> **Prompt**
Repeat the data below exactly, dropping any pictures it holds.
** Opening Data extract block **
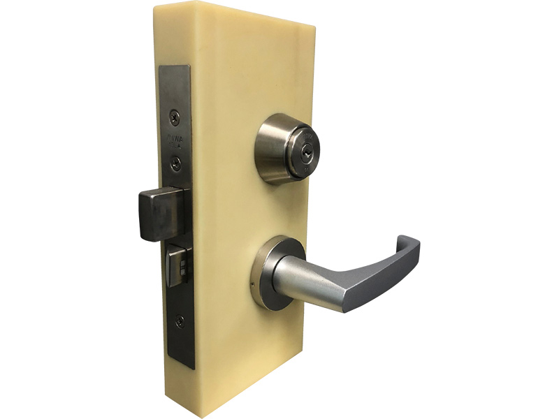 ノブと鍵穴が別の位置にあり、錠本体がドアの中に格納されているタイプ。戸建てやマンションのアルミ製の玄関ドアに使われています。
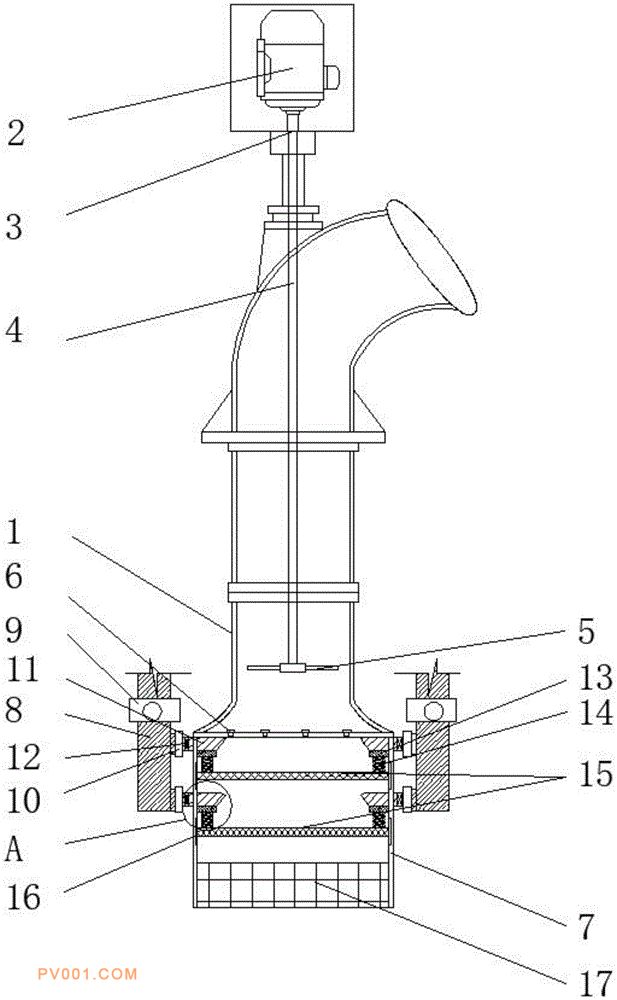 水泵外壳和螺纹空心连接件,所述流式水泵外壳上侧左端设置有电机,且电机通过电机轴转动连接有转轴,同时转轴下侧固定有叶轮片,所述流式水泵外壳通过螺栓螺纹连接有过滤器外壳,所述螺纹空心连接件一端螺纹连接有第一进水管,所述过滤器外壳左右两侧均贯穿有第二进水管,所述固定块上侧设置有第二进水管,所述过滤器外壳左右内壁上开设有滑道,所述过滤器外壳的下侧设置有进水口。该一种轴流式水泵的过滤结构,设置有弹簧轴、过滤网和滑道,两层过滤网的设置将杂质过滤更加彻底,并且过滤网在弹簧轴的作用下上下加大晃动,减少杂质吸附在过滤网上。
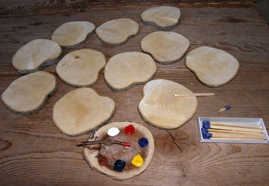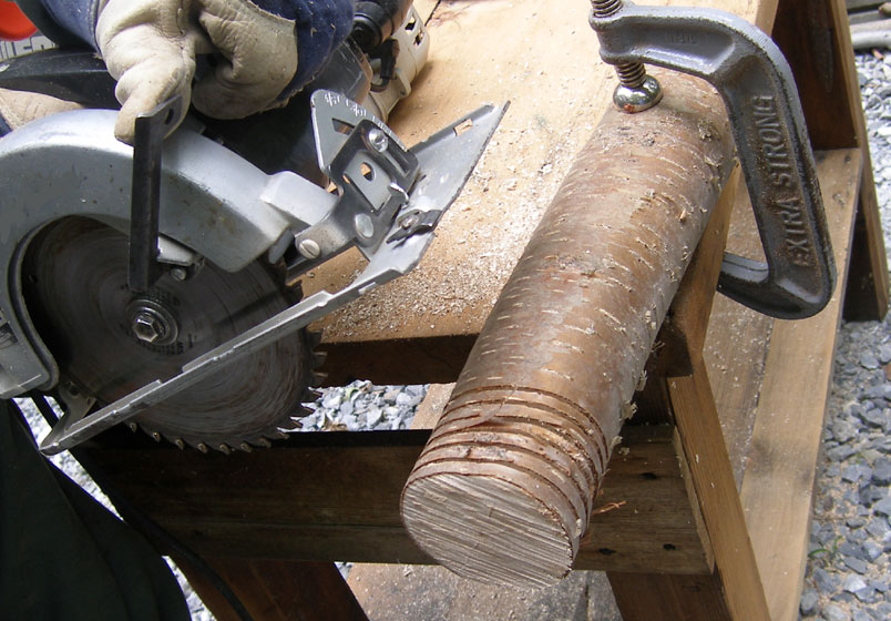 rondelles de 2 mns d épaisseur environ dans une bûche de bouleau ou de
** Closing Data extract block **
> **Result of the task**
 ノブと鍵穴が別の位置にあり、錠本体がドアの中に格納されているタイプ。戸建てやマンションのアルミ製の玄関ドアに使われています。
 水泵外壳和螺纹空心连接件,所述流式水泵外壳上侧左端设置有电机,且电机通过电机轴转动连接有转轴,同时转轴下侧固定有叶轮片,所述流式水泵外壳通过螺栓螺纹连接有过滤器外壳,所述螺纹空心连接件一端螺纹连接有第一进水管,所述过滤器外壳左右两侧均贯穿有第二进水管,所述固定块上侧设置有第二进水管,所述过滤器外壳左右内壁上开设有滑道,所述过滤器外壳的下侧设置有进水口。该一种轴流式水泵的过滤结构,设置有弹簧轴、过滤网和滑道,两层过滤网的设置将杂质过滤更加彻底,并且过滤网在弹簧轴的作用下上下加大晃动,减少杂质吸附在过滤网上。
 rondelles de 2 mns d épaisseur environ dans une bûche de bouleau ou de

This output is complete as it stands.